LLM03: Supply Chain Vulnerabilities
This risk has been covered comprehensively in the Secure AI Supply Chain guide. The key controls: internal model registry, automated scanning with ModelScan, Azure Policy gates for deployment, and model SBOM generation.
The 2025 update specifically calls out fine-tuning service providers as a supply chain vector. If you use a third-party fine-tuning service, the model weights returned to you could contain embedded behaviors that were not in your training data. The mitigation is to fine-tune only on infrastructure you control (Azure AI Foundry compute) or to re-validate fine-tuned model outputs against a held-out test set that probes for unexpected behaviors.

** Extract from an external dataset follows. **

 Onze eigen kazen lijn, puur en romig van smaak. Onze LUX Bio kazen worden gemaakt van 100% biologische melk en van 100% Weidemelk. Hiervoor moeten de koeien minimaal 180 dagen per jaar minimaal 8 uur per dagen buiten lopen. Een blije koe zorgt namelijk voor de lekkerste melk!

LLM04: Data and Model Poisoning
The RAG Expansion
The 2023 list focused on training data poisoning. The 2025 list adds inference-time poisoning through RAG: an attacker who can write to your grounding data store can manipulate model outputs without touching the model itself. This is the threat covered in depth in the AI Foundry threat model under Threat 3.
Azure-Specific Controls
# Enable blob versioning and soft delete on RAG grounding data
az storage account blob-service-properties update \
--account-name <storage-account> \
--resource-group <rg> \
--enable-versioning true \
--enable-delete-retention true \
--delete-retention-days 30# Set immutability policy on the grounding data container
az storage container immutability-policy create \
--account-name <storage-account> \
--container-name rag-grounding-data \
--period 7 \
--allow-protected-append-writes true
Combine with Azure Monitor alerts for any PutBlob or PutBlock operation on the grounding container from an identity other than your approved indexing pipeline service principal.

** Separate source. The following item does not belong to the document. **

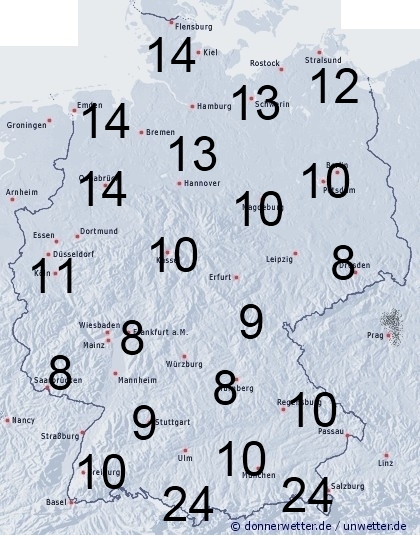 Vor allem im Westen und Norden muss mit Regen oder Schauern gerechnet werden. Sonst treten Niederschläge nur regional auf. Benetzung entsteht aber auch durch nächtlichen Tauansatz. Die Benetzungsdauer liegt zwischen 8 und 10 Stunden, im Westen und Norden bei häufigerem Regen zwischen 11 und 15 Stunden. Bei einer vorhandenen Schneedecke in den Bergen werden bis zu 24 Stunden erreicht.

LLM05: Improper Output Handling
LLM outputs should never be trusted as safe for downstream consumption. If your application passes LLM-generated text to a SQL query, shell command, API call, or web page without sanitization, you have a classic injection vulnerability with an LLM as the attack surface.
Practical Controls
- Never use LLM output in
eval(),exec(), or string-interpolated SQL - Apply output encoding appropriate to the rendering context (HTML encoding for web, parameterized queries for SQL)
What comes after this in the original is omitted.